Having walked through an incredibly thick mist yesterday today’s much better weather was a great relief. It was possible to see a little farther than yesterday and it was arguably perfect walking weather, if not perfect viewing weather. Unfortunately we got going on a path and as can happen the path was of such high quality that when the little footpath came off it to the side we kept going and ended up climbing up a rather steep bit of someone’s drive. Very frustrating!

Distance measured in fifths!

Seemingly for very little reason the path goes round the wrong side of a hill to get from very near Keld to the Tiny village of Thwaite. The distance in meters is probably not so great and neither is the ascent the problem is that on the way up the path is appalling and on some parts of North Gang Scar we did not go very fast at all.
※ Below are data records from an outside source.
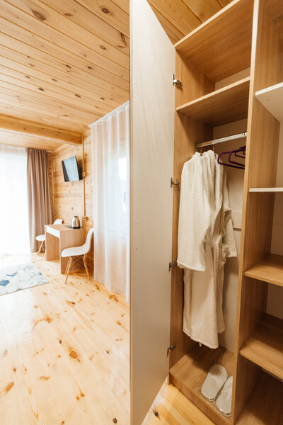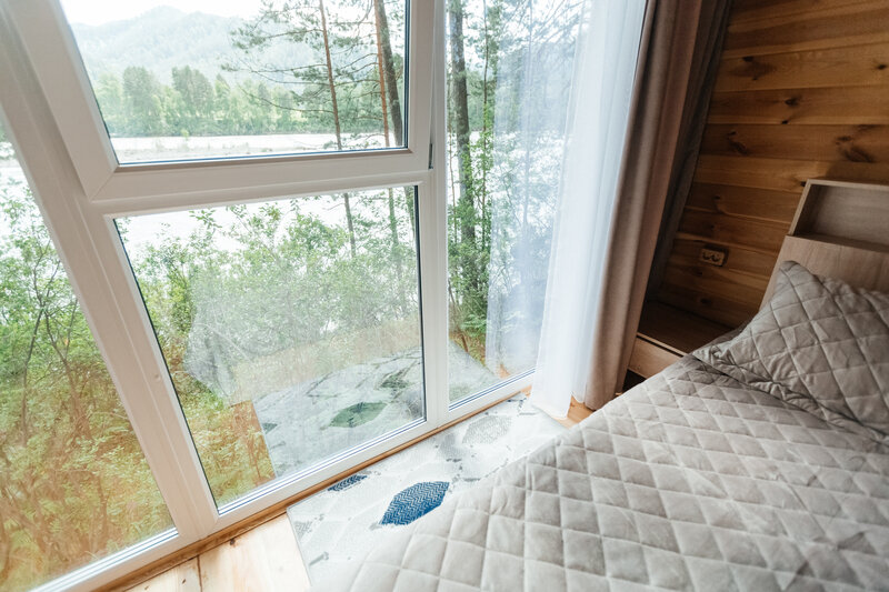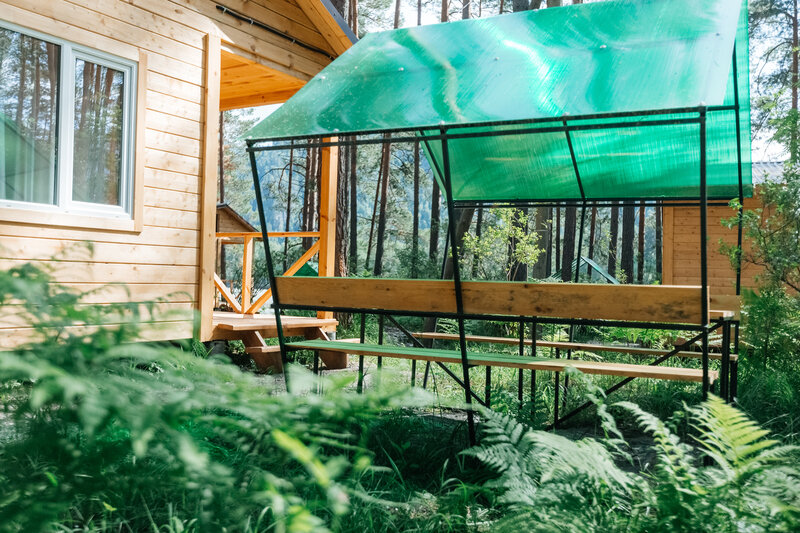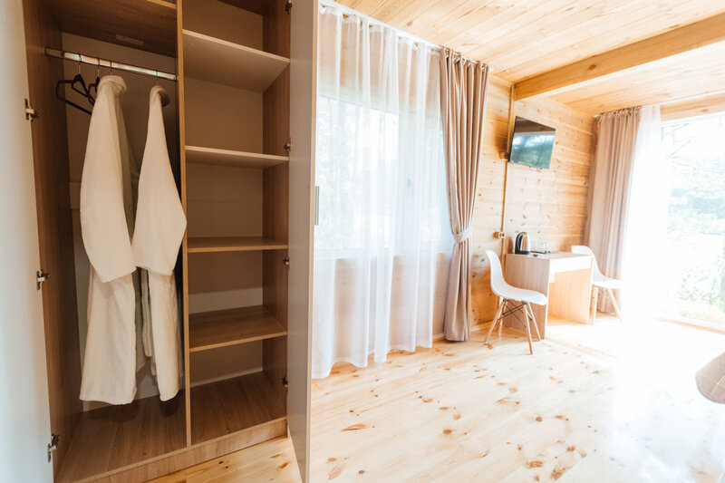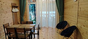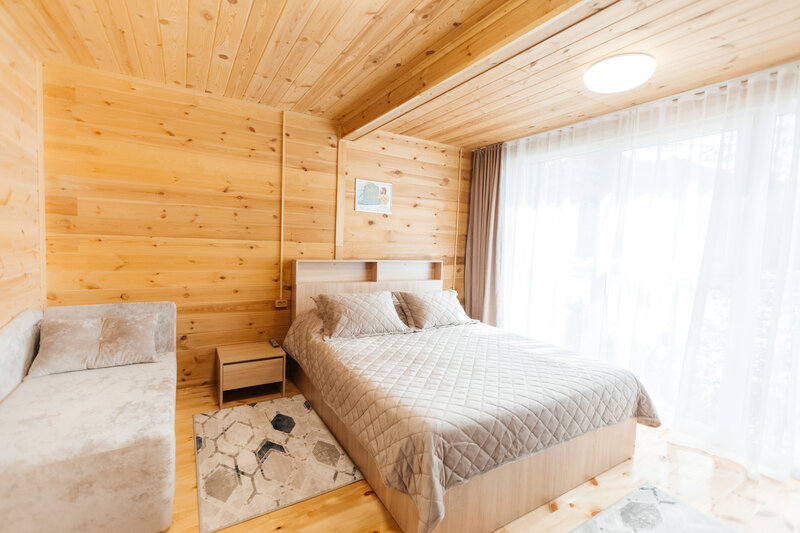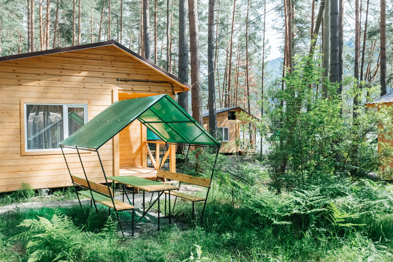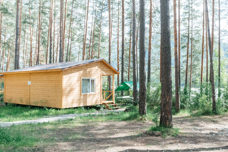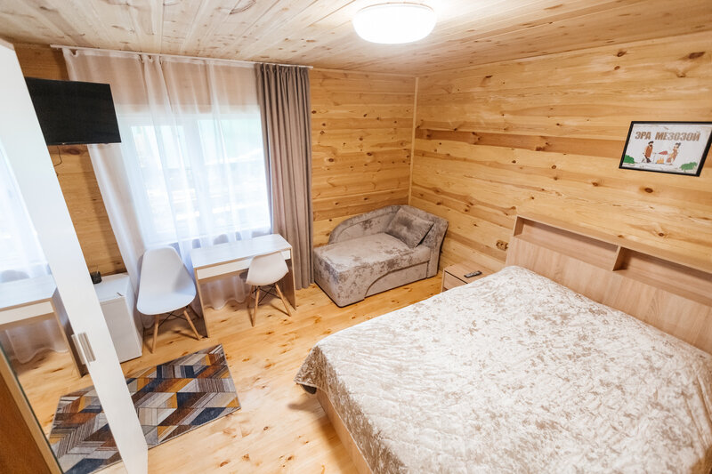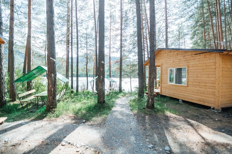 Для размещения гостей подготовлены однокомнатные дома. Внутри каждого имеется двуспальная кровать, телевизор, шкаф, холодильник и чайник, а также набор посуды. В ванной комнате гости найдут ванну, раковину, фен и полотенца. Все домики оборудованы индивидуальными бесплатными беседками, а у некоторых есть еще и собственная терраса.
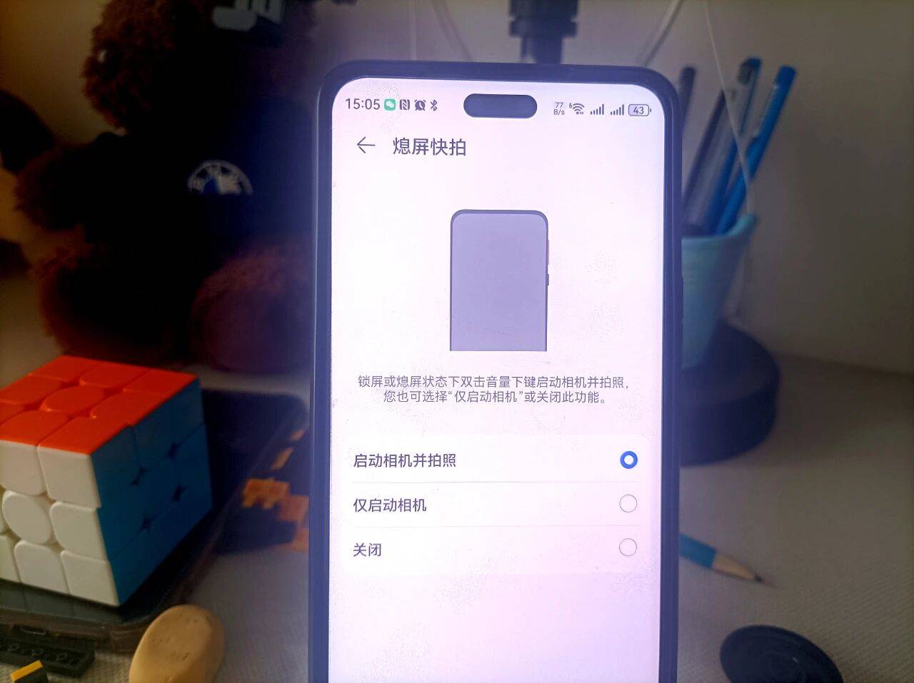 这个时候,手机的“熄屏快拍”功能就可以派上用场了。
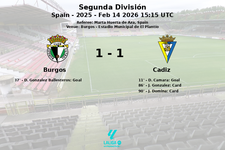 Burgos vs Cadiz Feb 14 2026 15:15 UTC
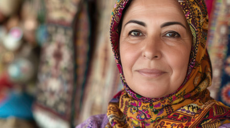 A joyful woman from Afghanistan smiles warmly, displaying a sense of resilience. Her colorful scarf reflects cultural heritage as she sits in her inviting home environment. Generative AI.
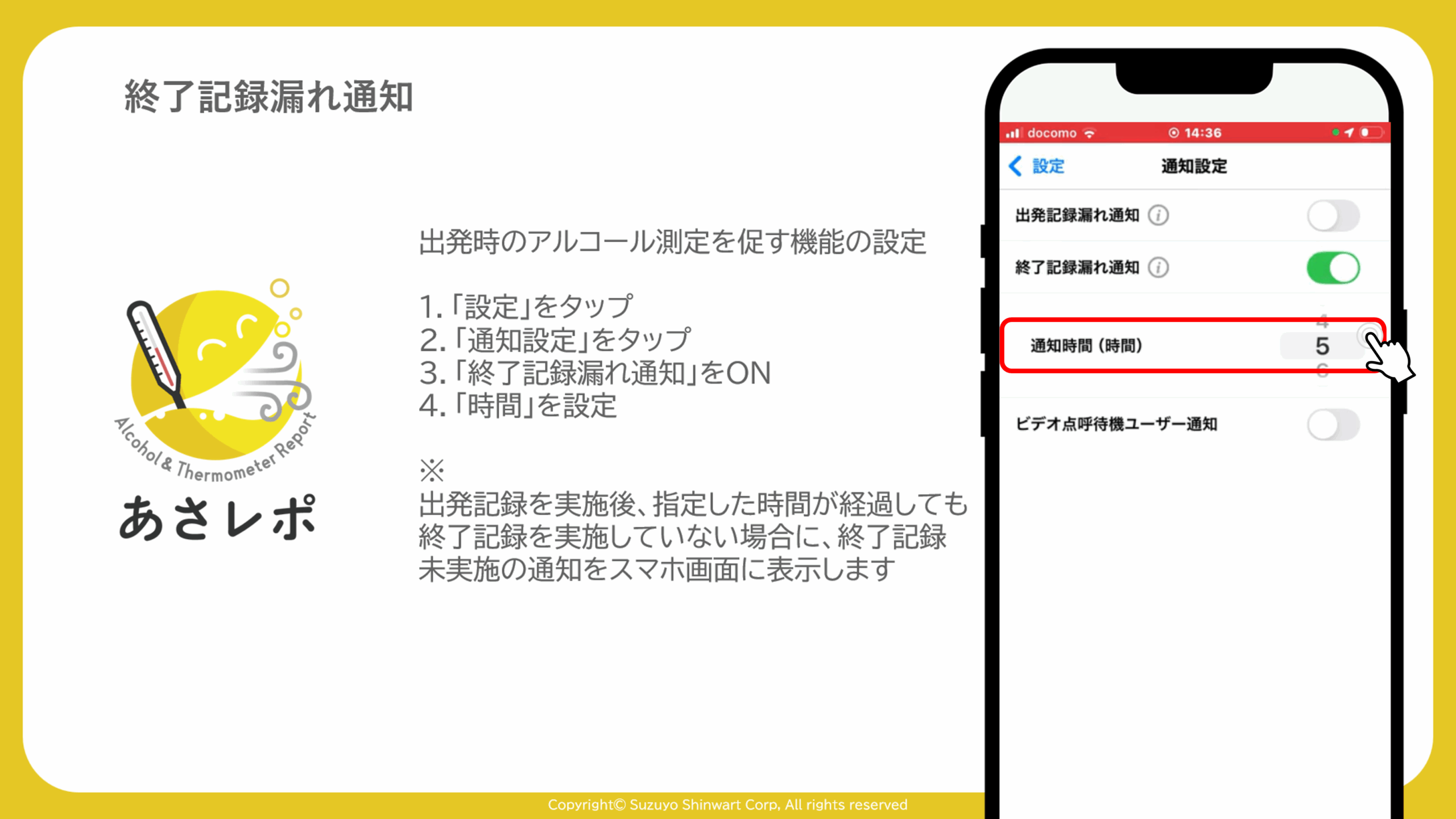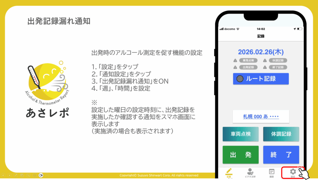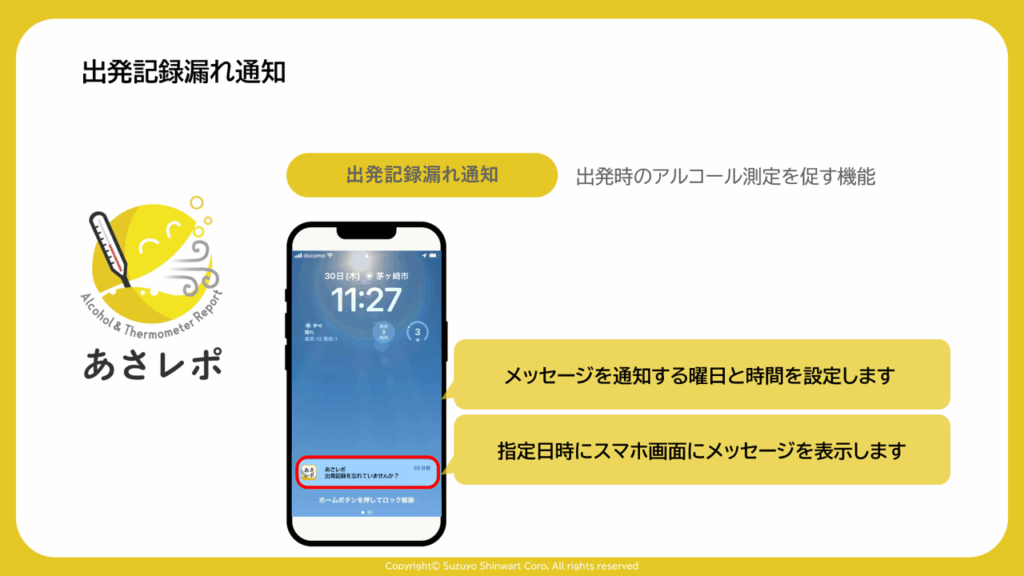 出発記録を実施後、指定した時間が経過しても終了記録を実施していない場合に、終了記録未実施の通知をスマホ画面に表示します
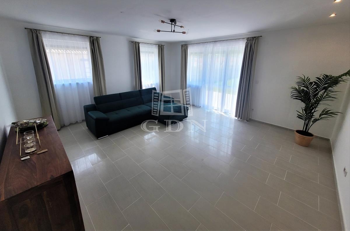 - belső elosztás: nappali, konyha (vadonatúj háztartási gépekkel felszerelt), fürdőszoba, wc, háztartási helyiség, 3 hálószoba, közvetlen kertkapcsolatos nagy terasz,

I was rather envious of those we could see at the bottom of the valley on what looked like a beautiful flat level track to Mucker.

Stop running.

Eventually we reached the top and thus could begin our descent at which point the path seemed to change from a horrible little niggly thing in to a big wide beautiful track. Having been slightly late of at breakfast though I’m not 100% sure that dad even saw this waterfall (which was surely the whole point of all the walking) as having been given both my sticks he seemed to have taken to a kind of half run down hill which I am sure can not have been good for his knees one bit.

Not exactly cauldron’s snout.

It isn’t really a fair comparison but given the high visibilty we had on the day we went up cross fell and the enormity of Cauldron’s Snout I doubt very much if anything we see in the rest of the trip is really very likely to compare.

Doesn’t look so big from here

Hawes is hidden behind a hill which is actually very high (even for the Pennine Way) but for some reason even though you start off at a similar elevation it just doesn’t look anything like as imposing as Crossfell.

Thwaite, so small it’s hidden by this hill.

We met several walkers today who relayed news of a delightful little Tea Room in Thwaite. If only we had been able to walk a bit faster. Our average pace was quite a bit below two miles per hour and thus desperately keen to avoid being stuck out in the moors at night I was always very reluctant to stop anywhere for more than the minimum possible amount of time and so sadly we had to give it a miss.

Have you had a trip or fall anywhere?

We did, however, receive very exciting reports of beautiful flags all the way up Great Shunner Fell and they proved to be every word true. The final descent into Hawes was even described as “like a bowling green” which I think was a very slight exaggeration but even so it really was a delightful walk.

Flags, Flags, Flags!

Some of the Carins on the way up the fell were a little on the high side for me and I am quite sure my dad leaned against this one which struck me as a rather dangerous thing to do as it genuinely looks like it is about to fall over. I can imagine, however, that in thick mist having a taller Cairn can be a great advantage.


Rather surprisingly the Pennine Way is a little short of OS declared view points and Great Shunner Fell is in fact the only one that is officially declared. Sadly it was far too misty for us to get a trully impressive view. My pictures have not done Crossfell justice but it is very hard to imagine that the view from here could really be superior but perhaps it is. Since I don’t know what the criteria are I suppose I should not really judge them too harshly, perhaps accessiility is one of the criteria?

1110-pennine-way-the-view-from the-summit
We made it to the top.

On our final descent into Hawes for the first time on our trip so far which actually overtook someone. Sadly, for our ego at least, they were simply lost. I’m not sure why they were so worried as they were on the only path off the hill and it was going to where they wanted to go but they kept stopping and seemed very worried. We advised them to follow the Acorns to Hawes which they did successfully.

Like a Bowling Green

Much to my shock the YHA in Hawes does not have laundry facilities but it does cook a very good three course evening meal for less than a tenner. It took me a little while to find it with map provided by the tourist board but the laundrette was real but sadly would not be open until tomorrow morning.

Is that a laundrette I see before me?